As the reach of anti-ship missiles lengthens, and their killing power improves, various forms of naval stealth are moving from research curiosities and cameo roles in James Bond films to design and deployment at sea. Materials science is an important component of that effort, and features prominently in stealth ships like Sweden’s Visby Class corvettes and Norway’s Skjold Class air cushioned catamaran corvettes.
Small business qualifier Materials Sciences Corp. in Horsham, PA received a $24.6 million Small Business Innovation Research (SBIR) Phase III cost-plus-fixed-fee, indefinite-delivery/ indefinite-quantity contract for “continued research, development, and application of advanced metallic and non-metallic materials in existing and new Navy structures and machinery. The research and development of these materials will provide for improved structural, electrical and thermal performance of radar absorption materials.”

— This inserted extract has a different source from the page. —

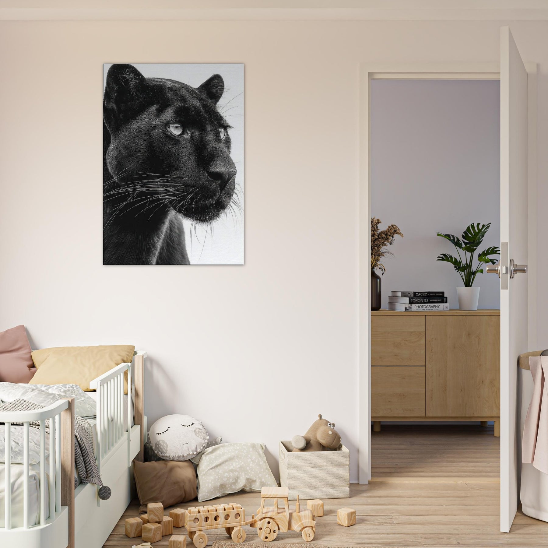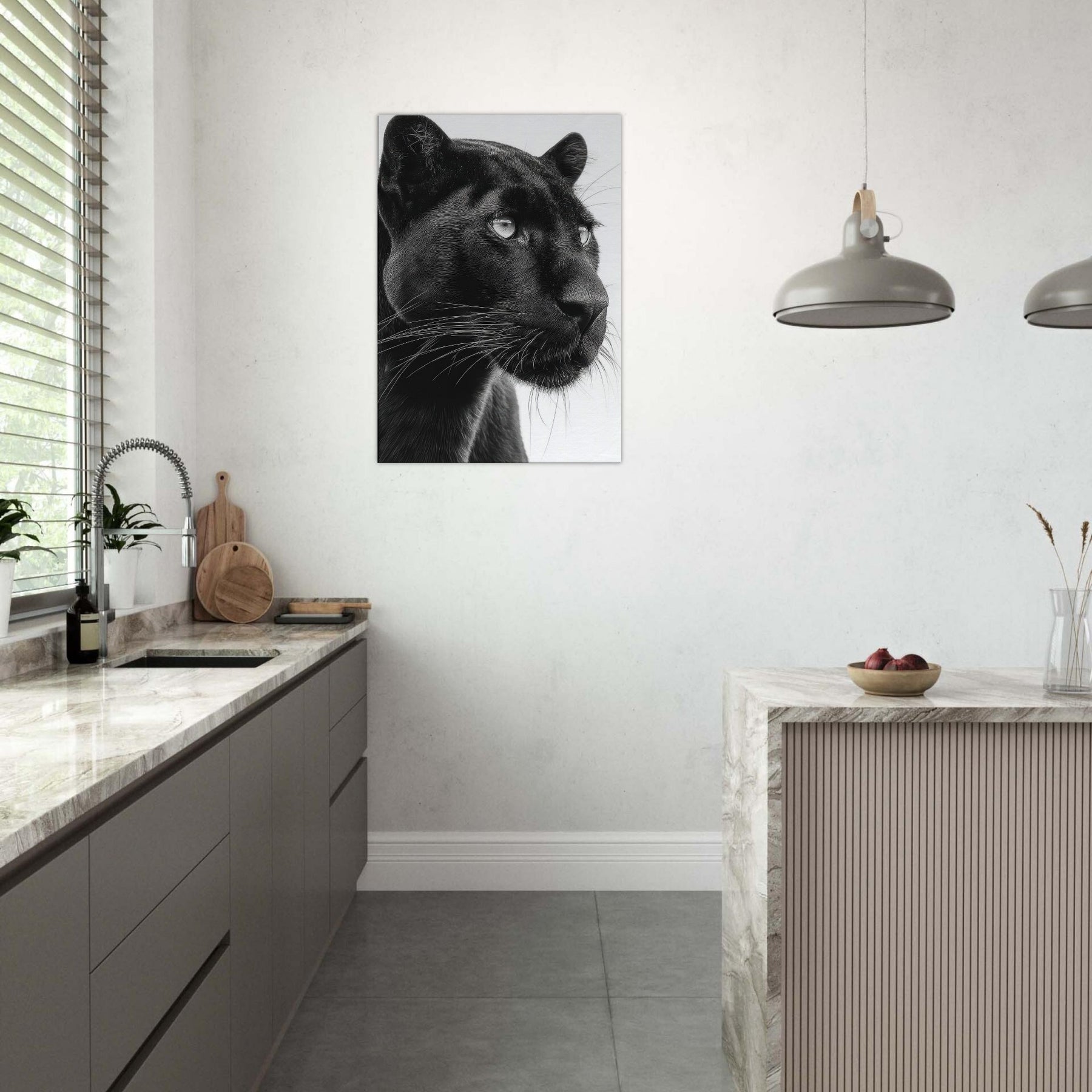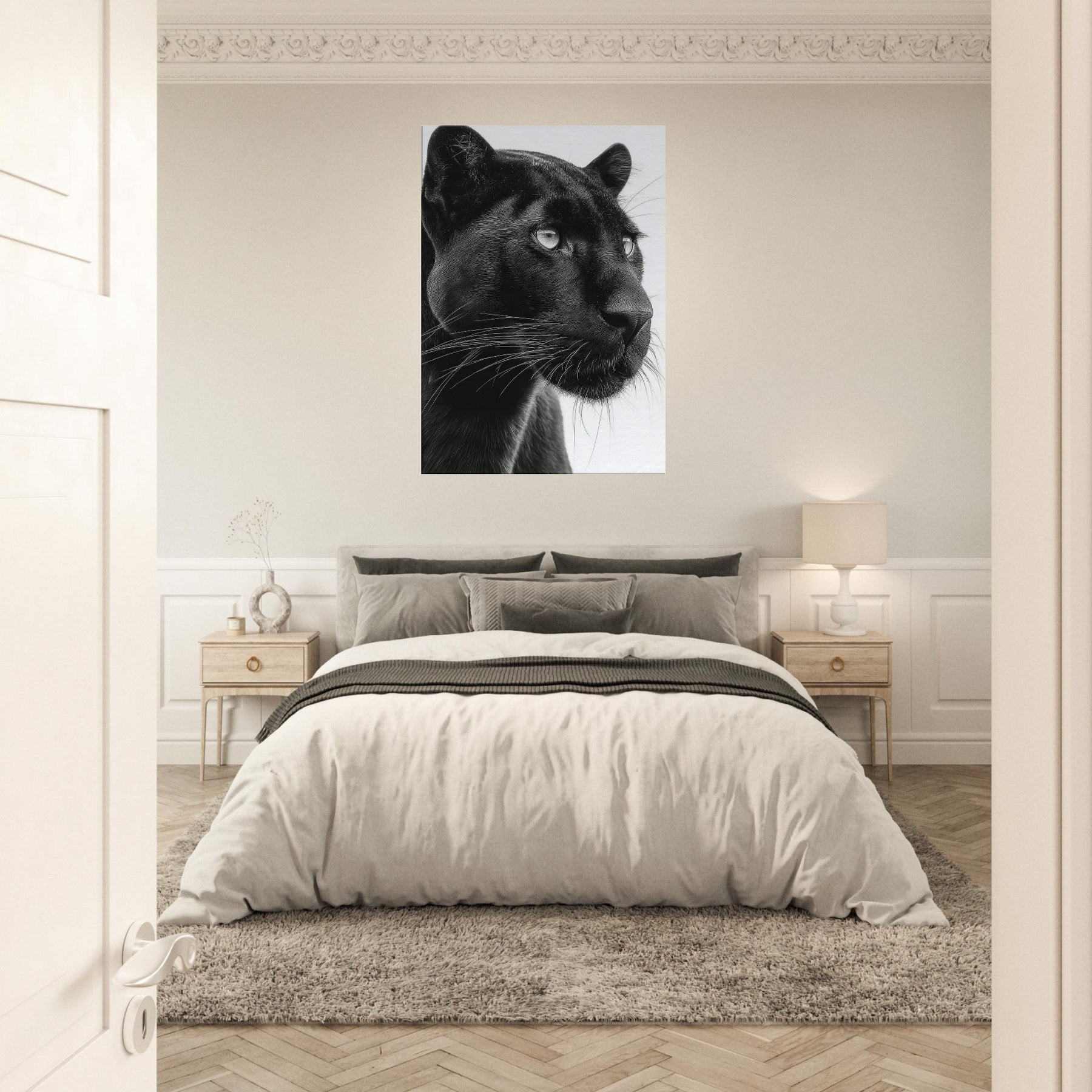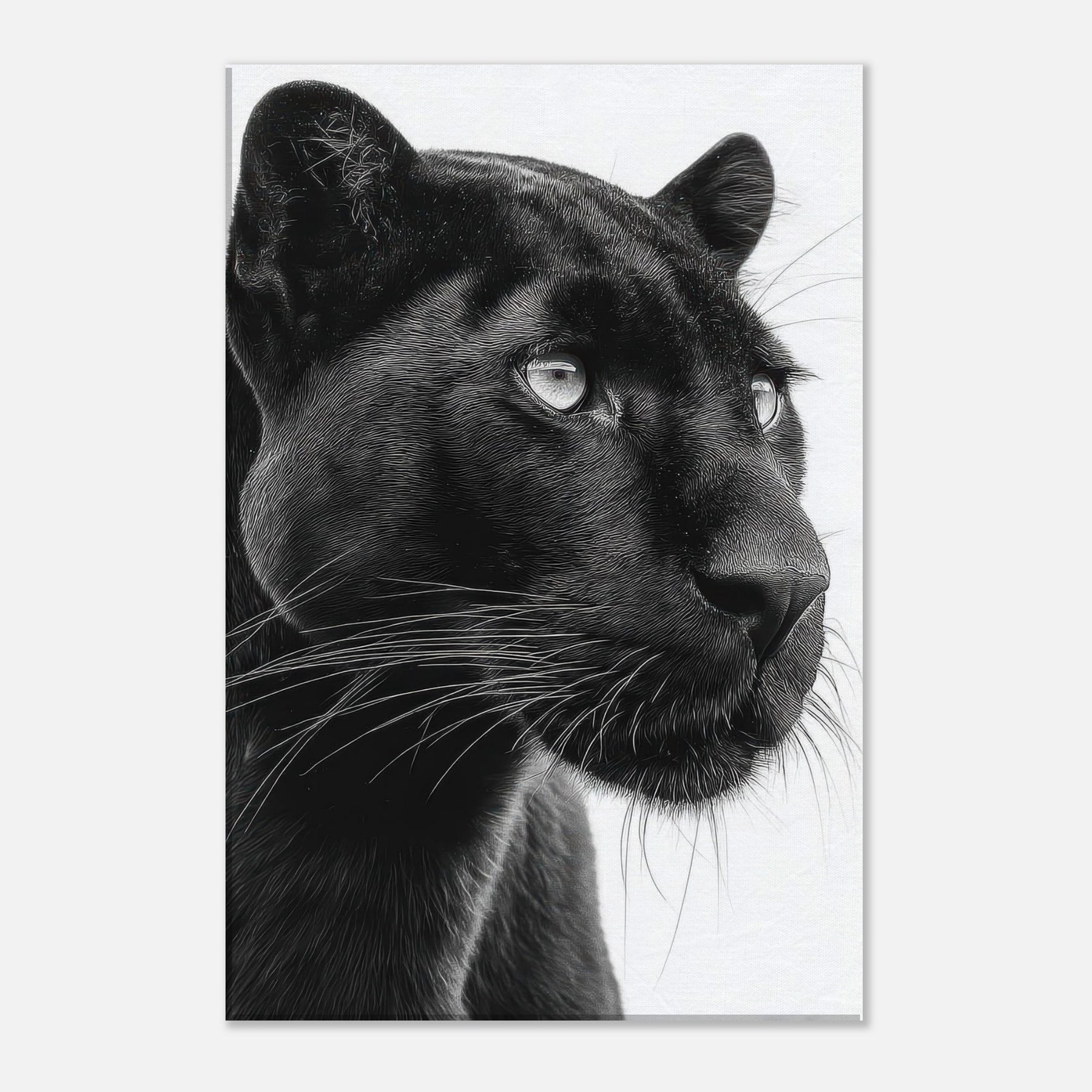 Overhead, a Panther steps into a hush of light and shadow a luxurious study in contrasts. This black and white invites the gaze to linger on the animal's liquid eyes and the sleek plume of whiskers, capturing a moment of alert grace. Printed in rich monochrome, it adds drama without shouting, pairing beautifully with modern neutrals or bold accents. Hang it to anchor a living room or study, where its quiet intensity awakens texture, mood, and a sense of quiet, wild presence.

SBIR Phase III means the technology is moving out of the research phase and into commercialization/ production. Work will be performed in Horsham, PA (80%); Philadelphia, Pa. (5 percent); West Bethesda, Md. (5 percent); Washington, D.C. (5 percent); and Gulfport, Miss. (5 percent), and work is expected to be completed by September 2013. Contract funds will expire at the end of the current fiscal year. This contract was competitively procured with one proposal solicited and oneoffer received via the Phase III SBIR program. The Naval Surface Warfare Center, Carderock Division, Philadelphia, Pa., is the contracting activity (N65540-08-D-0011).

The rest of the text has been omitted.